__WHAT YOU WILL DO__.
The result should be the listing below, restated exactly, with its pictures left out.

__DATA__.
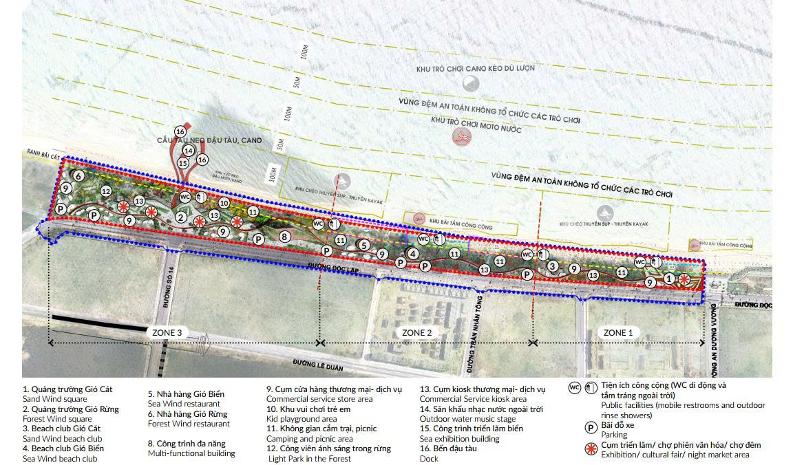 Thứ hai là quy hoạch và concept sản phẩm. Dự án được phát triển theo mô hình tổ hợp nghỉ dưỡng – giải trí – lưu trú với mật độ xây dựng thấp (~32–35%), ưu tiên không gian mở và trải nghiệm . Đây là hướng đi đúng với xu thế hiện nay: khách du lịch không chỉ cần chỗ ở, mà cần trải nghiệm tổng thể. Những dự án có hệ sinh thái tiện ích đầy đủ thường có tỷ lệ lấp đầy cao hơn, đồng nghĩa với dòng tiền tốt hơn cho nhà đầu tư.
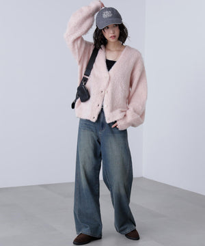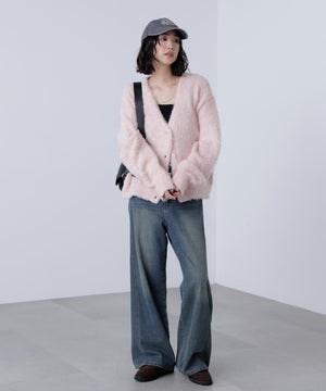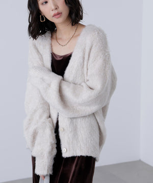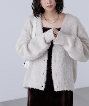 ウェーブ起毛Vネックカーディガン
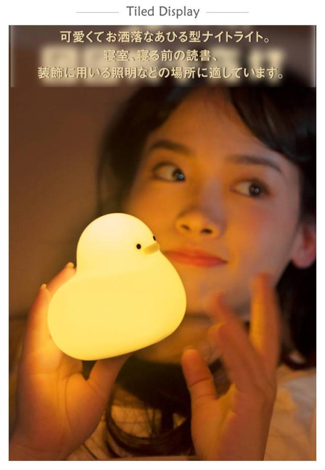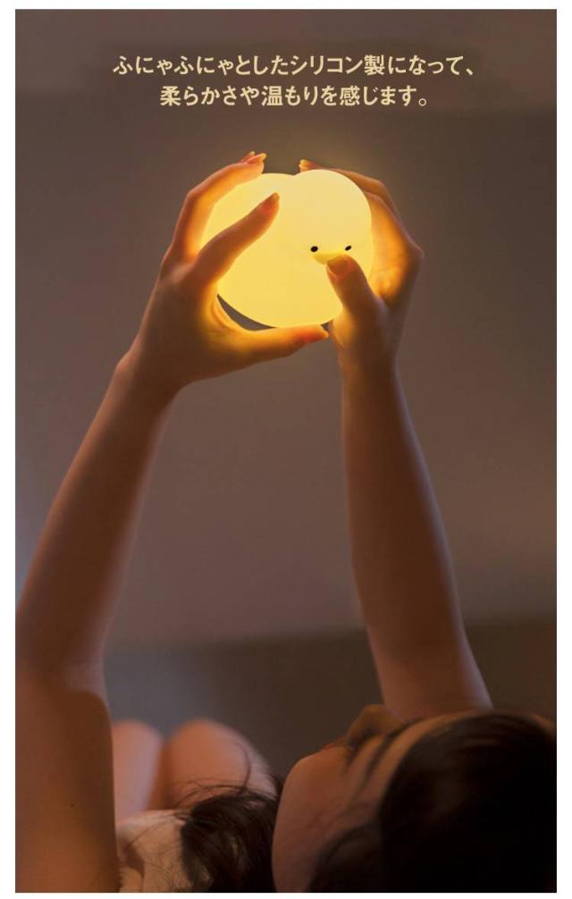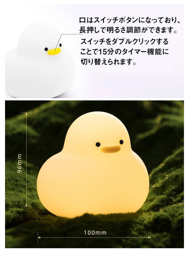 | 可愛くてお洒落なあひる型ナイトライト。 ふにゃふにゃとしたシリコン製になって、柔らかさや温もりを感じます。 寝室、寝る前の読書、装飾に用いる照明などの場所に適しています。 子供からお年寄りまで、全年齢対象が安心して使用出来ます。 口はスイッチボタンになっており、長押しで明るさ調節ができます。 スイッチをダブルクリックすることで15分のタイマー機能に切り替えられます。 | |
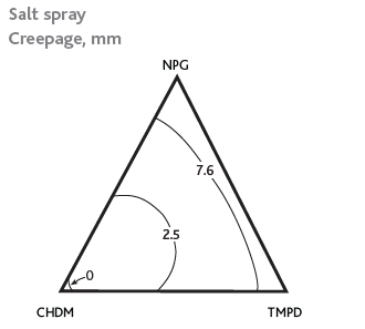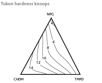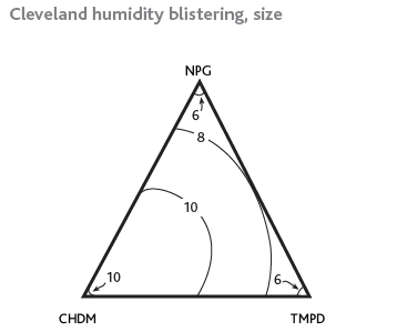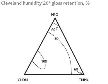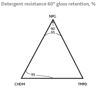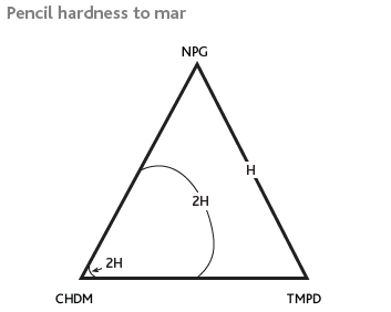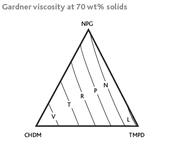 To better understand how glycol structure impacts resin and coating behavior, Eastman conducted a statistically designed triangle glycol study evaluating the three aliphatic and cycloaliphatic glycols commonly used in saturated polyester coatings, listed below.

__RESPONSE FOR THIS EXERCISE__.
 Thứ hai là quy hoạch và concept sản phẩm. Dự án được phát triển theo mô hình tổ hợp nghỉ dưỡng – giải trí – lưu trú với mật độ xây dựng thấp (~32–35%), ưu tiên không gian mở và trải nghiệm . Đây là hướng đi đúng với xu thế hiện nay: khách du lịch không chỉ cần chỗ ở, mà cần trải nghiệm tổng thể. Những dự án có hệ sinh thái tiện ích đầy đủ thường có tỷ lệ lấp đầy cao hơn, đồng nghĩa với dòng tiền tốt hơn cho nhà đầu tư.
 ウェーブ起毛Vネックカーディガン
 | 可愛くてお洒落なあひる型ナイトライト。 ふにゃふにゃとしたシリコン製になって、柔らかさや温もりを感じます。 寝室、寝る前の読書、装飾に用いる照明などの場所に適しています。 子供からお年寄りまで、全年齢対象が安心して使用出来ます。 口はスイッチボタンになっており、長押しで明るさ調節ができます。 スイッチをダブルクリックすることで15分のタイマー機能に切り替えられます。 | |
 To better understand how glycol structure impacts resin and coating behavior, Eastman conducted a statistically designed triangle glycol study evaluating the three aliphatic and cycloaliphatic glycols commonly used in saturated polyester coatings, listed below.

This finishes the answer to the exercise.